In practice, in order to improve the autonomous learning model of the preset model and avoid the problems of poor generalization and unreasonable performance caused by artificially setting the weights corresponding to the sub-models, in an embodiment, the weights corresponding to the sub-models may also be learned in the training process.

Specifically, in a specific implementation, the preset model may further include a weight processing branch, where an input of the weight processing branch is a feature obtained by performing convolution processing on the sample image in each sub-model, and in the actual processing, the method may further include the following steps:

step S2020: and obtaining a weight distribution proportion of the weight processing branch output, wherein the weight distribution proportion represents the ratio of weights corresponding to the identification results output by the sub models respectively.

The weight distribution ratio may be obtained while obtaining the recognition results output by each of the plurality of submodels.

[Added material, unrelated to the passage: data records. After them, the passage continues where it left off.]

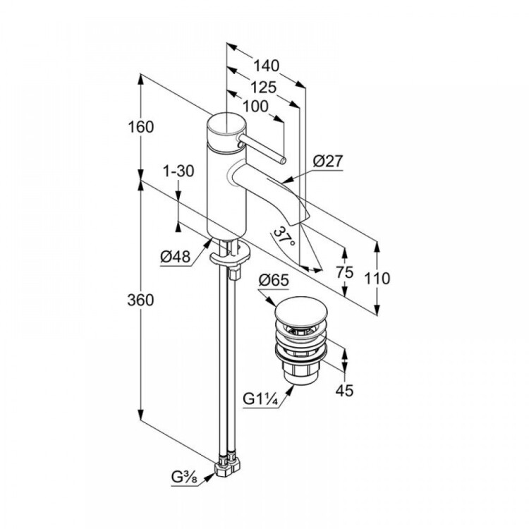Смеситель для раковины, Kludi, BOZZ, тип открывания воды-однорычажный, тип регулирования воды-керамический картридж, монтаж-на раковину/столешницу, отверстия для монтажа-1, высота, мм-160, вынос излива, мм-125, донный клапан-есть, тип подводки-гибкая, стандарт подвода воды-3/8", цвет-хром Смеситель для раковины, Kludi, BOZZ, цвет-хром
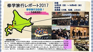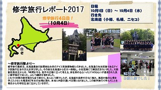 修学旅行2日目。午前中は大倉山スキージャンプ台、白い恋人パークへ行きました。実際にオリンピックが行われた大きなジャンプ台、実際に白い恋人が作られている素敵な工場など、石川で決して見ることの出来ない“本物”に触れ、生徒は大興奮の様子でした。午後からは小樽と札幌で班別自主研修。班員と協力し合い様々なところを訪れ、見て、聞いて、体験して、食べて、北海道を全身で感じ、楽しんでいました。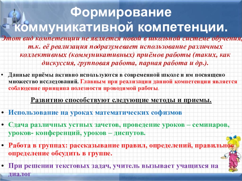 Данные приёмы активно используются в современной школе и им посвящено множество исследований. Главным при реализации данной компетенции является соблюдение принципа полезности проводимой работы.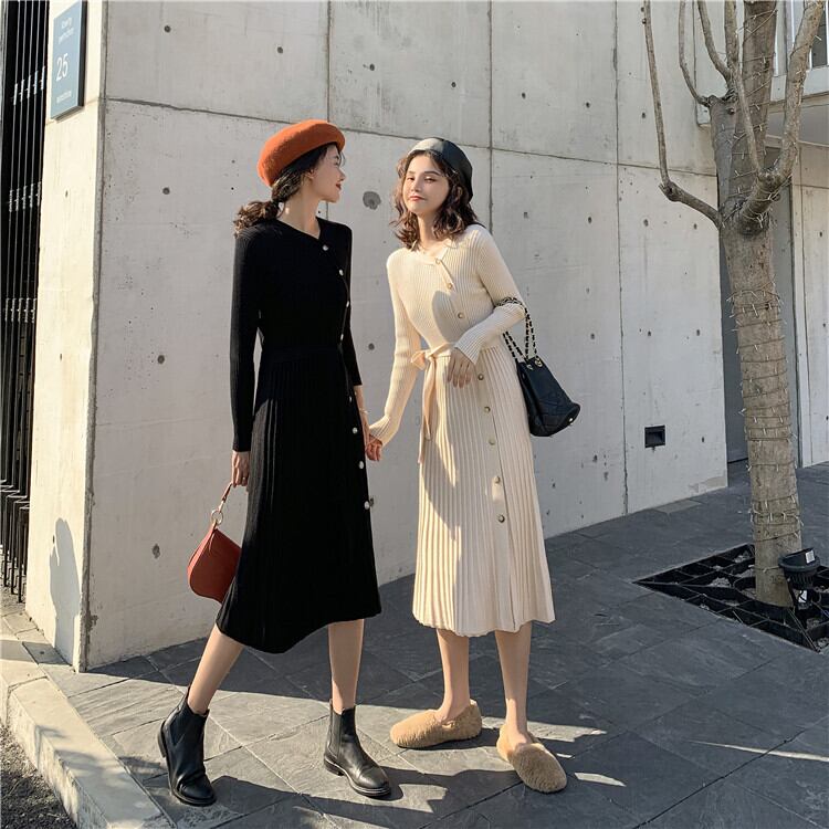 コート付きのロングスカートにミドル丈の膝上セータースカートを合わせ、薄手でボトムスのニットワンピースを女性の秋冬に オータム 秋物 ウィンター 冬物 yingd11144972173
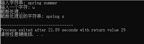 1 #include <stdio.h> 2 #define N 80 3 4 void str_trunc(char *str, char x); 5 6 int main() { 7 char str[N]; 8 char ch; 9 10 printf("输入字符串: "); 11 gets(str); 12 13 printf("输入一个字符: "); 14 ch = getchar(); 15 16 printf("截断处理...\n"); 17 str_trunc(str, ch); 18 19 printf("截断处理后的字符串: %s\n", str); 20 21 } 22 23 void str_trunc(char *str, char x) { 24 while(*str) { 25 if(*str == x) 26 break; 27 str++; 28 } 29 *str=0; 30 31 }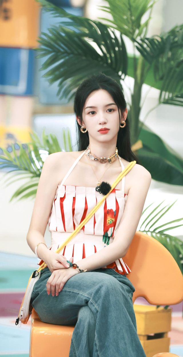 不得不說阮沐芊今天的look確實很美,上身一個白色吊帶花朵點綴,配一條牛仔長褲,拉著粉嫩的行李箱,背著小包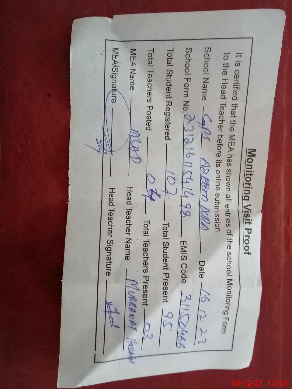 | Attendance Register | Head Teacher | MEA with School | Visit Proof |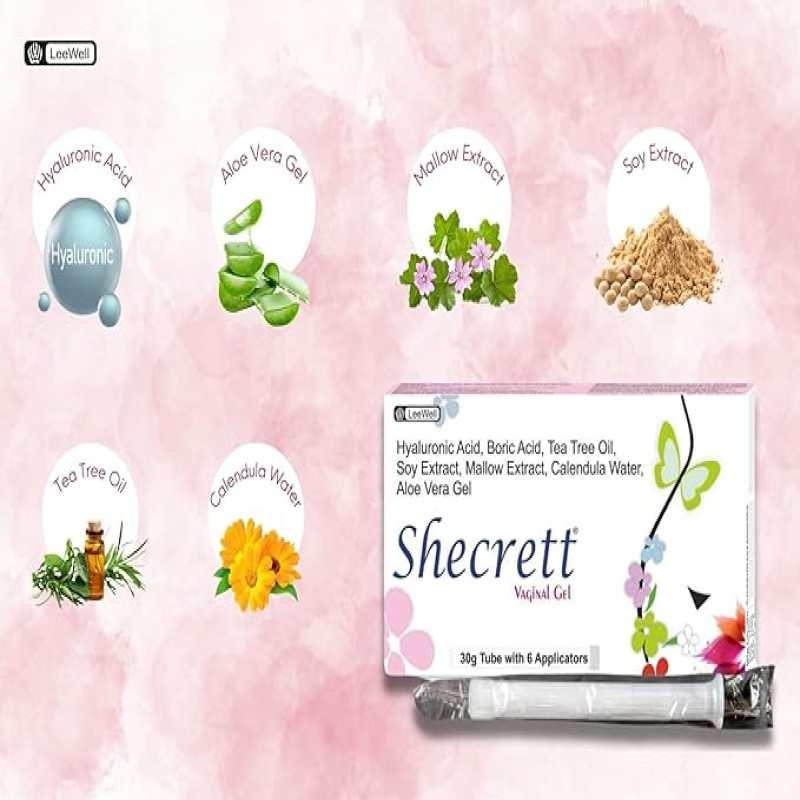 Shecrett Vaginal Gel | Veginal Infection Care Cream | Itching, Irritation, Dryness & Smell Relief | Intimate Hygiene Wash | Yeast Infection Cream | Hyaluronic Acid, Soy Extract, Mallow Extract | Boric acid Cream for Women | Calendula Water, Tea Tree Oil,

In one embodiment, the weight processing branch comprises a plurality of primary fully-connected layers and a secondary fully-connected layer, wherein the input of the secondary fully-connected layer can be simultaneously connected with the output of the plurality of primary fully-connected layers. Wherein the input terminals of different first-level fully-connected layers can be connected with the output terminals of the convolution layers of a different sub-model.

Referring to fig. 3, a schematic structural diagram of the preset model shown in fig. 1 after adding a weight processing branch is shown, and as shown in fig. 3, the weight processing branch may include: two primary full-link layers, FC3 and FC4, and one secondary full-link layer, FC 5. The input end of the first-level full-connection layer FC3 is connected with the output end of the convolution layer in the sub-model 101, the input end of the first-level full-connection layer FC4 is connected with the output end of the convolution layer in the sub-model 102, and the input end of the second-level full-connection layer FC5 is connected with the output end of the first-level full-connection layer FC3 and the output end of the first-level full-connection layer FC4 at the same time.

Accordingly, how the weight processing branch outputs the weight distribution ratio will be described with reference to fig. 3. Specifically, the weight distribution ratio is obtained according to the following steps:

step S20201: and obtaining a feature map output by the convolution layer of each of the plurality of sub-models, wherein the feature map is obtained by performing feature extraction on the sample image by the convolution layer of each of the plurality of sub-models.

Step S20202: and respectively inputting the characteristic diagram output by the convolution layer of each sub-model into a primary full-connection layer connected to the convolution layer to obtain a result output by the primary full-connection layer.

In this embodiment, the characteristic diagram output by the convolution layer of each sub-model may be input to the first fully-connected layer connected to the output end of the convolution layer of the sub-model, and the result output by the first fully-connected layer may be obtained through the processing of the first fully-connected layer.

Step S20203: and inputting the respective output results of the plurality of primary full-connection layers into the secondary full-connection layer to obtain the weight proportion output by the secondary full-connection layer.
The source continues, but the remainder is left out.